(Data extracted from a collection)
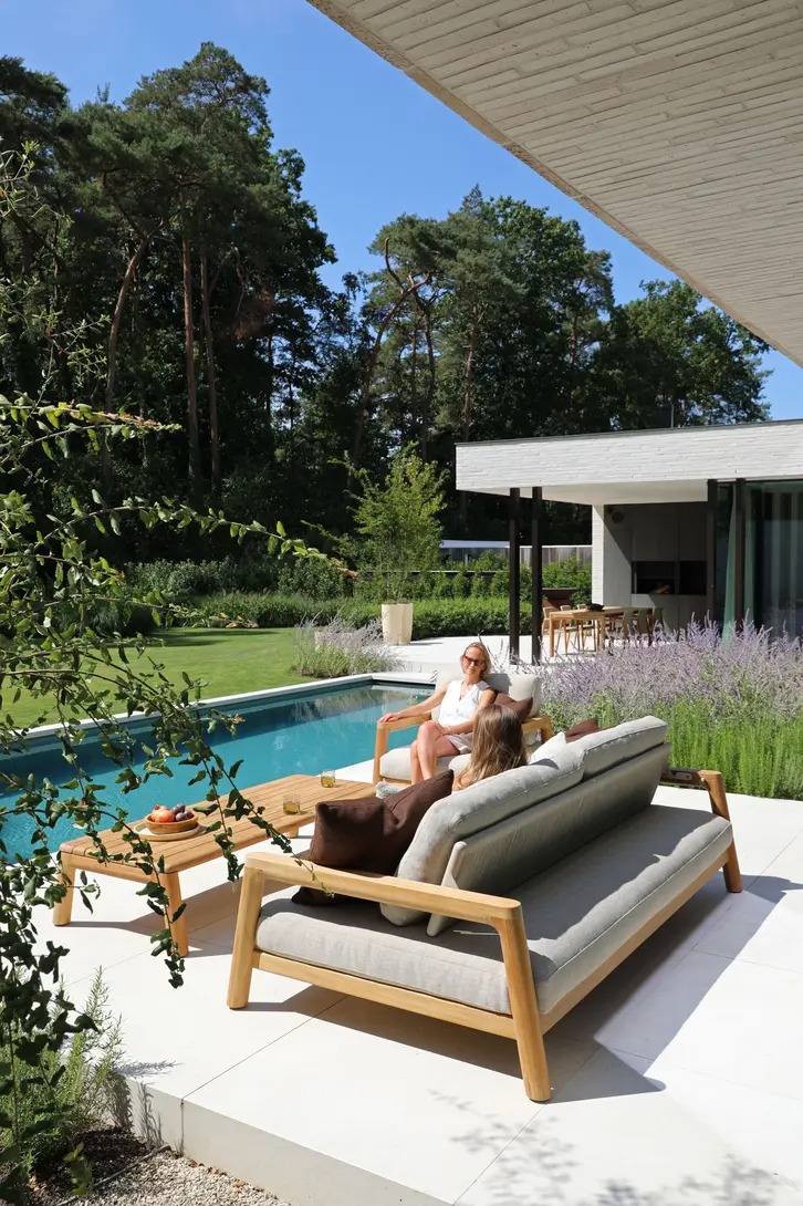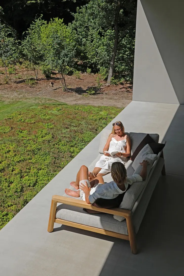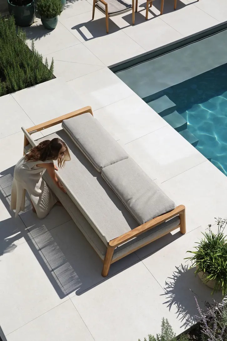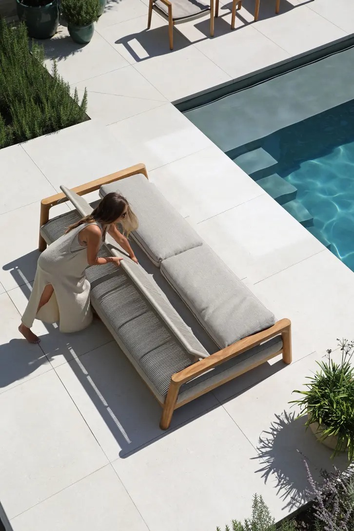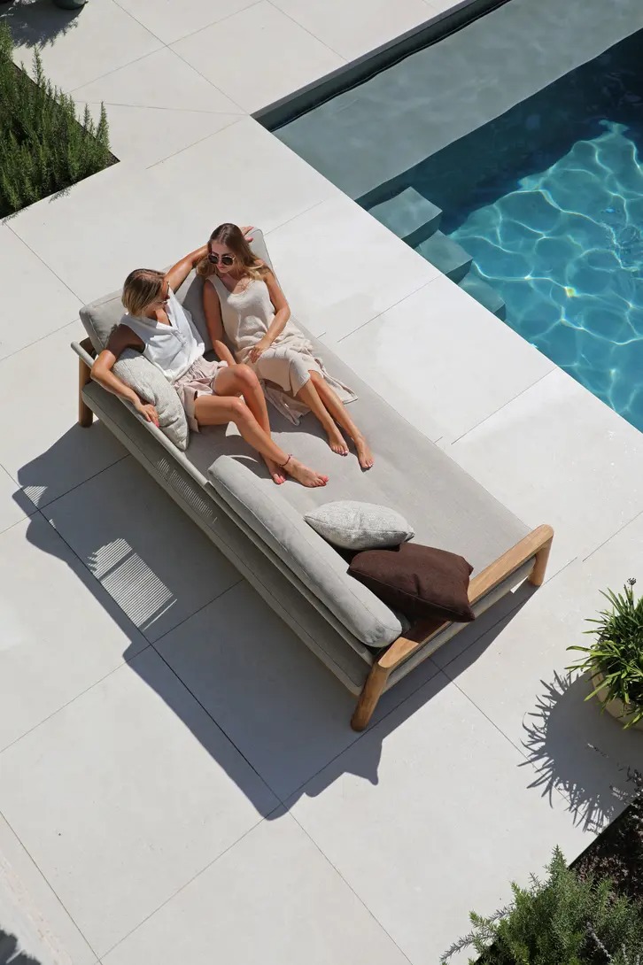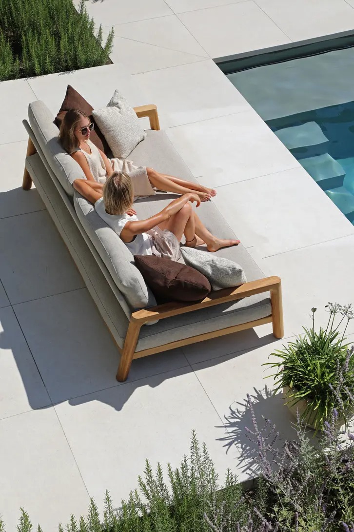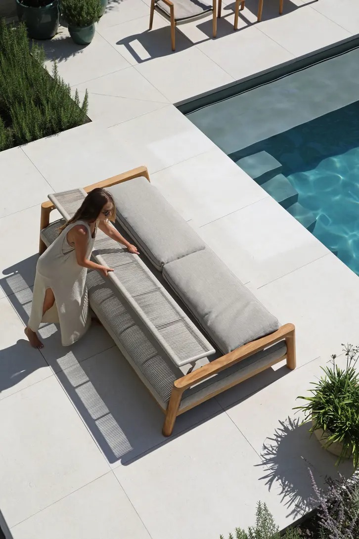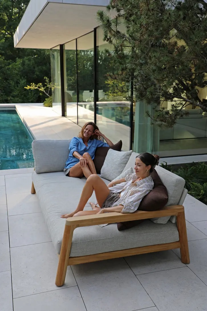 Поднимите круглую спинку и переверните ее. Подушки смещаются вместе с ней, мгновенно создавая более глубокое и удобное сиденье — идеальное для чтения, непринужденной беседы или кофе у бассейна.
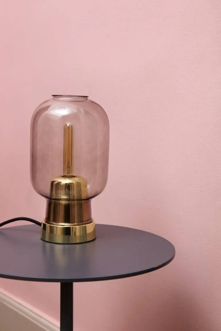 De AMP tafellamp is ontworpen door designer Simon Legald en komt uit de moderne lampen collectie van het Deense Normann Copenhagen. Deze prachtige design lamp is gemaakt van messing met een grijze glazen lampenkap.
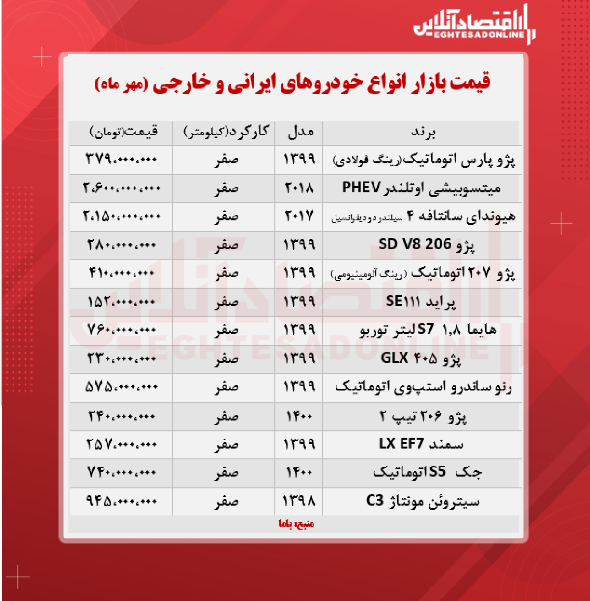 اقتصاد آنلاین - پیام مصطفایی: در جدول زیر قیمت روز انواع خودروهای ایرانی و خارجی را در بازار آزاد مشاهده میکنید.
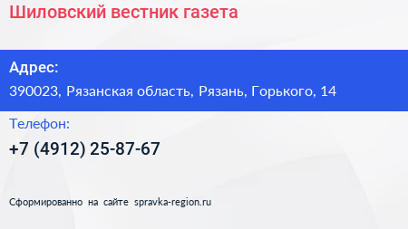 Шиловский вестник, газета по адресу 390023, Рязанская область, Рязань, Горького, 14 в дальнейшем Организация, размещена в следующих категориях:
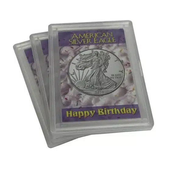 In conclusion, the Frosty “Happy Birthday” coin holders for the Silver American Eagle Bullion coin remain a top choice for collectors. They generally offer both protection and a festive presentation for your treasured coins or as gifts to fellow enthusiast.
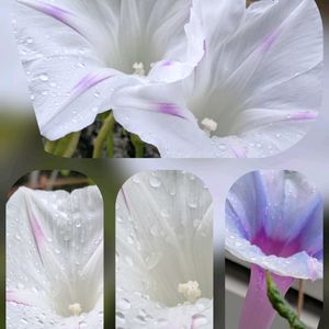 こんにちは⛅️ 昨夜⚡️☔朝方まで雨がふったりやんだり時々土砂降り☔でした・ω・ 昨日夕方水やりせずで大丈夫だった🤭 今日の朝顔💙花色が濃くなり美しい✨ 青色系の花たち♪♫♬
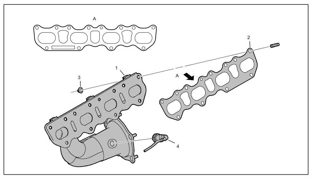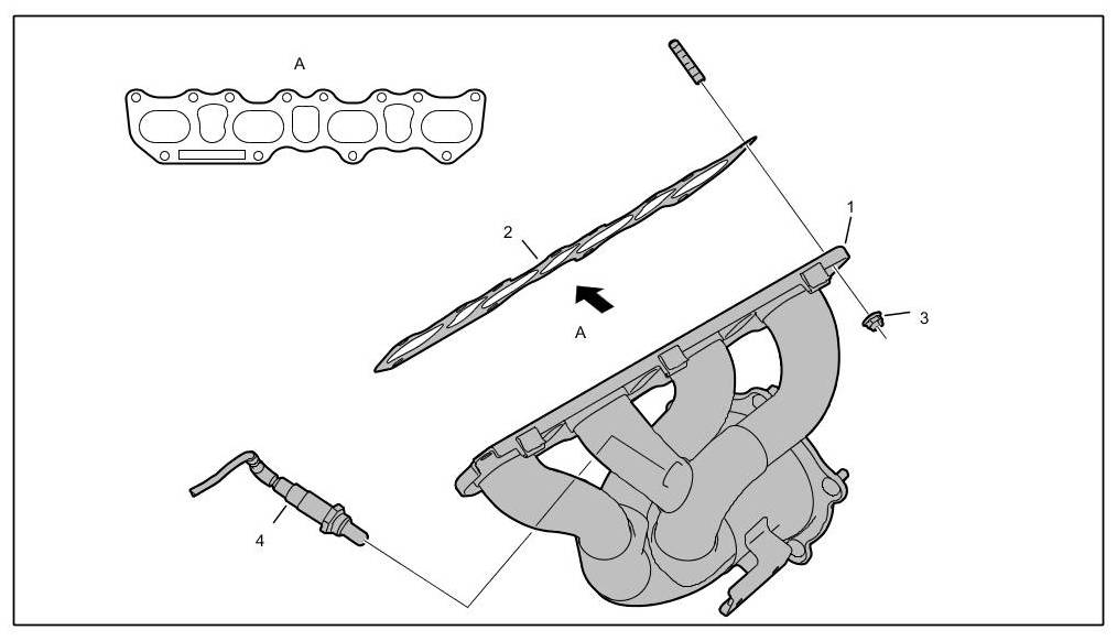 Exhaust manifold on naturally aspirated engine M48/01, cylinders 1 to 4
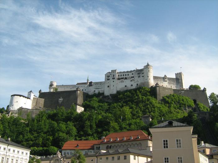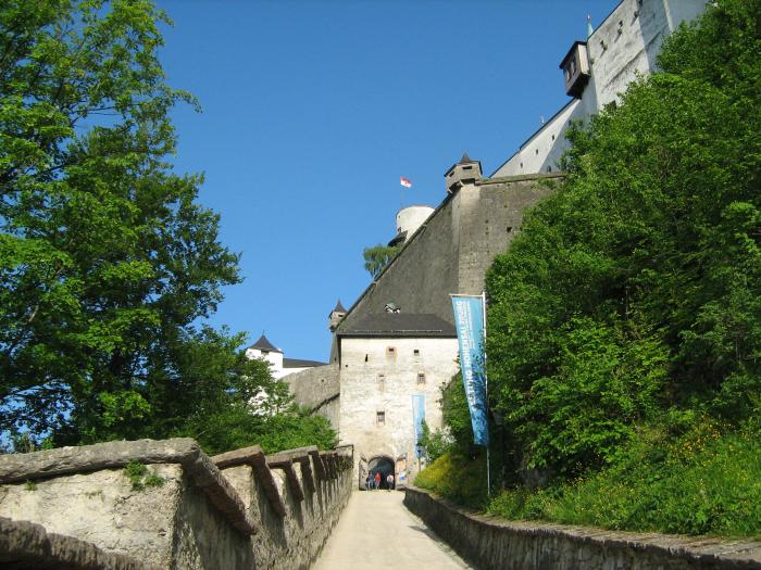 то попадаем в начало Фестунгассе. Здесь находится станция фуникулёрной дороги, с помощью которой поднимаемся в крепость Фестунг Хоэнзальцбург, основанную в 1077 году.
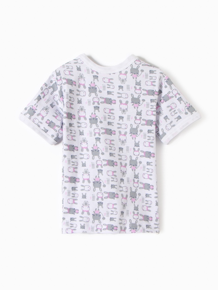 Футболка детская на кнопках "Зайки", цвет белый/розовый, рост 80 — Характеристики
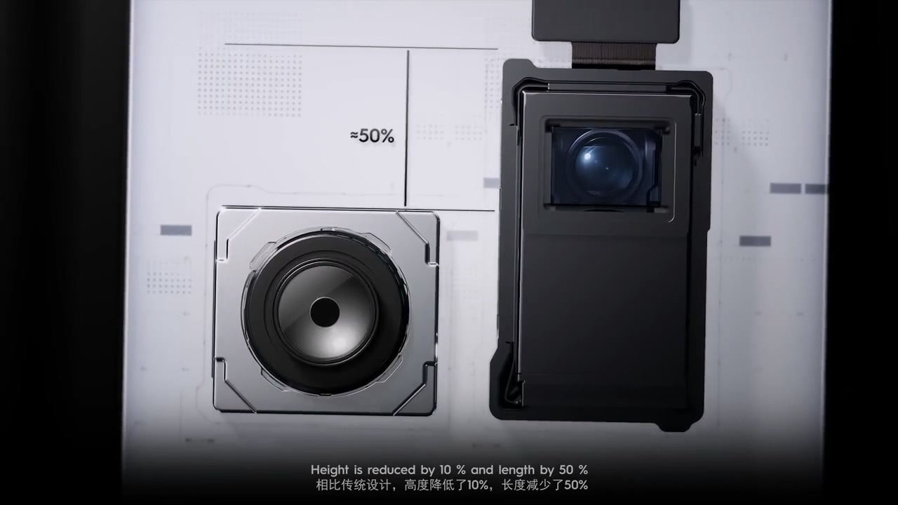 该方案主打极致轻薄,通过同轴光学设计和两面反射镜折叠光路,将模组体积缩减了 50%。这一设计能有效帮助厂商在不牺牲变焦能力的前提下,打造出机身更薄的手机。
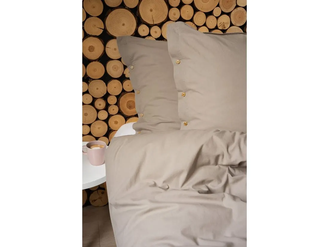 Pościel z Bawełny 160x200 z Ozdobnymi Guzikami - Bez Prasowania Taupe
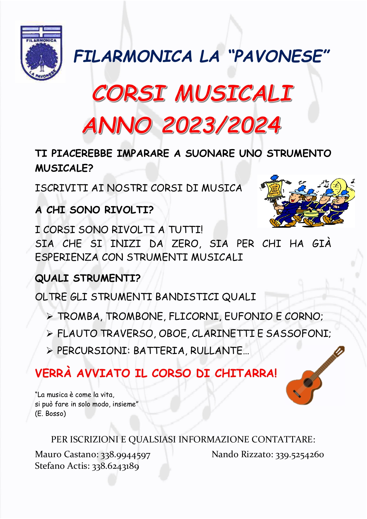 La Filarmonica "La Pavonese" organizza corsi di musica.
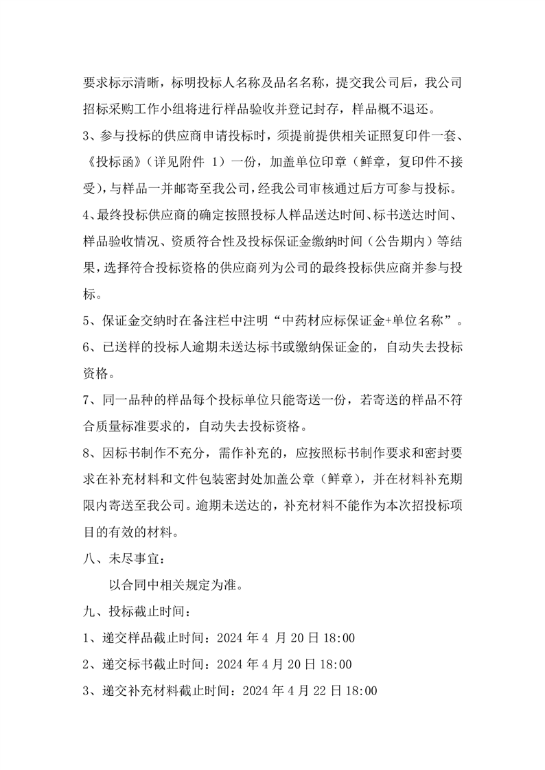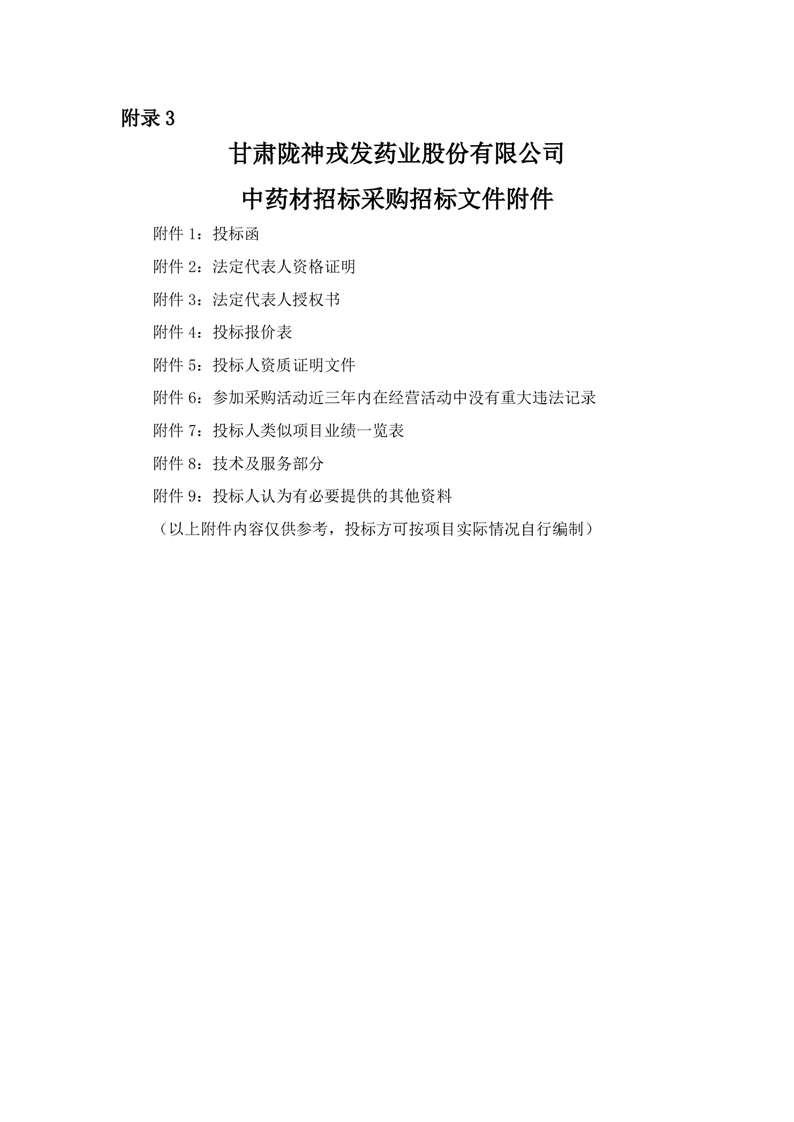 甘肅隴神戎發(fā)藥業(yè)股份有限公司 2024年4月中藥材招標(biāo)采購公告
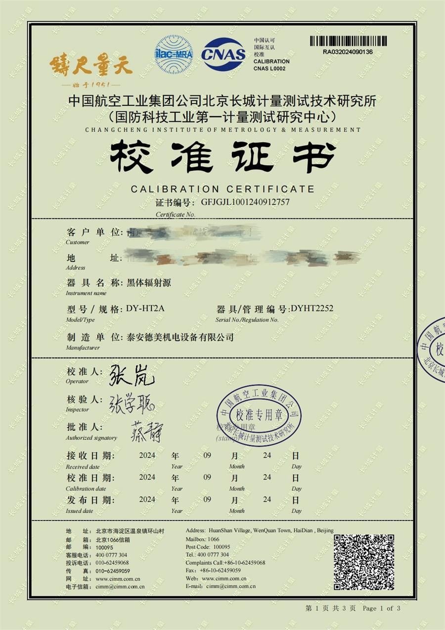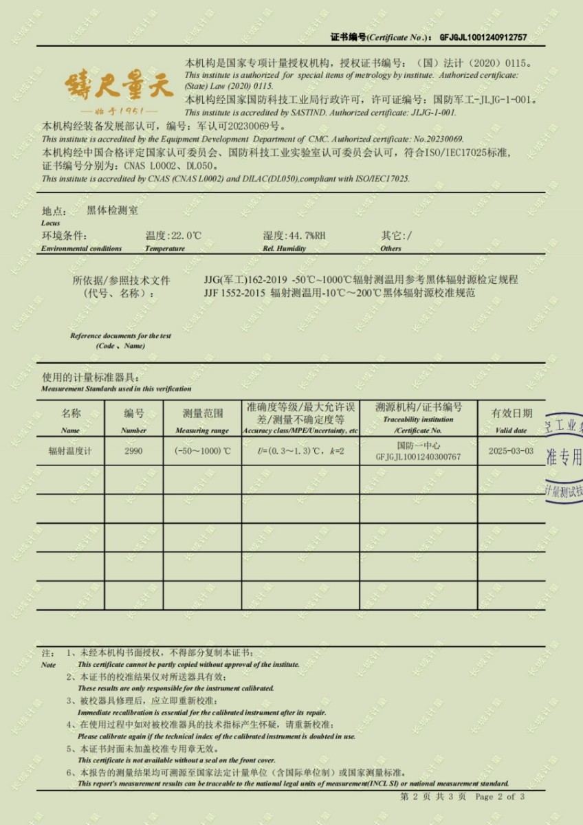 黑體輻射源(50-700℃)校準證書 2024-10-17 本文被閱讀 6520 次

*Try it:*
Once the line containing "甘肅隴神戎發(fā)藥業(y" is located, write out exactly that line and each one after it to the end of the records above, excluding pictures and nothing else.

*Answer box:*
 甘肅隴神戎發(fā)藥業(yè)股份有限公司 2024年4月中藥材招標(biāo)采購公告
 黑體輻射源(50-700℃)校準證書 2024-10-17 本文被閱讀 6520 次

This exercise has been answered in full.